The use of the leather for attaching rubber bands, by Nick and jmplsnt, kept me thinking this weekend. I have shot through three different sets of flat-bands this weekend, all broke at the pouch. I take a lot of care to tie them to last too. Even used rubber to tie some at the pouch, but it usually ends up the same. After a few hundred shots the band breaks. When I thought of someones' child getting a slingshot from me to shoot and then coming into the house crying, because the bands broke within a few days of getting the slingshot, bothered me. 
The information Nick and jmplsnt supplied for using leather to tie on rubber bands seemed like something that could be used to adapt tubes to a flat-band slingshots safely and provide an alternative for shooting with the same slingshot. Then, while making up a new center hole pouch the light came on. I haven't shot with it yet, but it seems very promising to me.
I'm wondering what the folks here think about this. Just remember my technique is a bit sloppy, but I learned from the first fork tip and did the second one better.


----------



## Dayhiker

Smitty, I don't see the advantage over just drilling through the groove in the fork, like you were doing before.


----------



## smitty

I think the leather will be easier on the rubber than the wood and the position of the tube for over the top seems like it is better too. If I would use a peg below the leather, through the loop in the tube it would be super fast to change tubes also. I'm not sure if it is better than a hole in the fork, but it is something to experiment with. The main reason I am interested in using the leather, is a way to use tubes on a regular flat-band slingshot, by just having an attachment for mounting tubes without having to modify it, with no way to turn back. Drilling a hole through a collector fork would be terrible.


----------



## Dayhiker

> Drilling a hole through a collector fork would be terrible.


For sure!

. . . I will be watching your experiments in this vein closely, thanks for sharing them.


----------



## Bill Hays

Smitty, I'd just camfer the hole through the fork on both sides. Picture a conical counter sink.... then use a cone shaped grinding bit to finish up.


----------



## joseph_curwen

I find this clever


----------



## mr.joel

I liked the leather draped over the flats like the first one Smitty made. Why drill, chamfer, etc., when these are unnecessary modifications? The leather tab setup looks far more efficient as well as keeping the rubber on the same plane as when you shoot flats, but perhaps not as efficient?


----------



## whipcrackdeadbunny

This is all very nice, I see nothing wrong with it, but how does it help the bands at the pouch not break?


----------



## smitty

This is a way to go ahead and use chinese style tubes instead of flat-bands. It was the flat-bands that were breaking at the pouch. I am just trying to explore ways to use small diameter tubes on slingshots that were designed to use flat-bands, without any perment modifications. These tubes have plenty of performance for me, I don't need the extra that flats are said to have and I get tired of my flats breaking during almost every long shooting session.
Also, a forum is here for the free exchange of information and ideas. I am simply putting this out so it can be explored by many and lessen the time to arrive at a decision based upon experience. All through the march of man, some have said "why?" and the responce is always..."because it is there to explore". I am just exploring possabilities that come to mind with the help of my friends here on the forum.


----------



## whipcrackdeadbunny

smitty said:


> This is a way to go ahead and use chinese style tubes instead of flat-bands. It was the flat-bands that were breaking at the pouch. I am just trying to explore ways to use small diameter tubes on slingshots that were designed to use flat-bands, without any perment modifications. These tubes have plenty of performance for me, I don't need the extra that flats are said to have and I get tired of my flats breaking during almost every long shooting session.
> Also, a forum is here for the free exchange of information and ideas. I am simply putting this out so it can be explored by many and lessen the time to arrive at a decision based upon experience. All through the march of man, some have said "why?" and the responce is always..."because it is there to explore". I am just exploring possabilities that come to mind with the help of my friends here on the forum.

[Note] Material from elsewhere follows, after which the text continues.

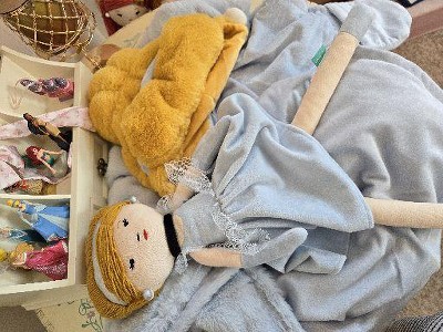 This is a cute princess blanket for little children. It fits my 8 year old, but would probably fit better on a 5-6 year old. It’s a beautiful blue color, and the hair (the hood part that goes over their head) is a pretty yellow like Cinderella. There are even fake pearl earrings, which is completely adorable. Very soft and good quality.
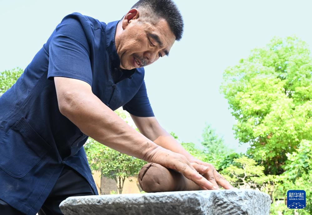 张书芳在香案上揉香泥(7月3日摄)。

That's a very good answer.


----------



## NightKnight

whipcrackdeadbunny said:


> This is a way to go ahead and use chinese style tubes instead of flat-bands. It was the flat-bands that were breaking at the pouch. I am just trying to explore ways to use small diameter tubes on slingshots that were designed to use flat-bands, without any perment modifications. These tubes have plenty of performance for me, I don't need the extra that flats are said to have and I get tired of my flats breaking during almost every long shooting session.
> Also, a forum is here for the free exchange of information and ideas. I am simply putting this out so it can be explored by many and lessen the time to arrive at a decision based upon experience. All through the march of man, some have said "why?" and the responce is always..."because it is there to explore". I am just exploring possabilities that come to mind with the help of my friends here on the forum.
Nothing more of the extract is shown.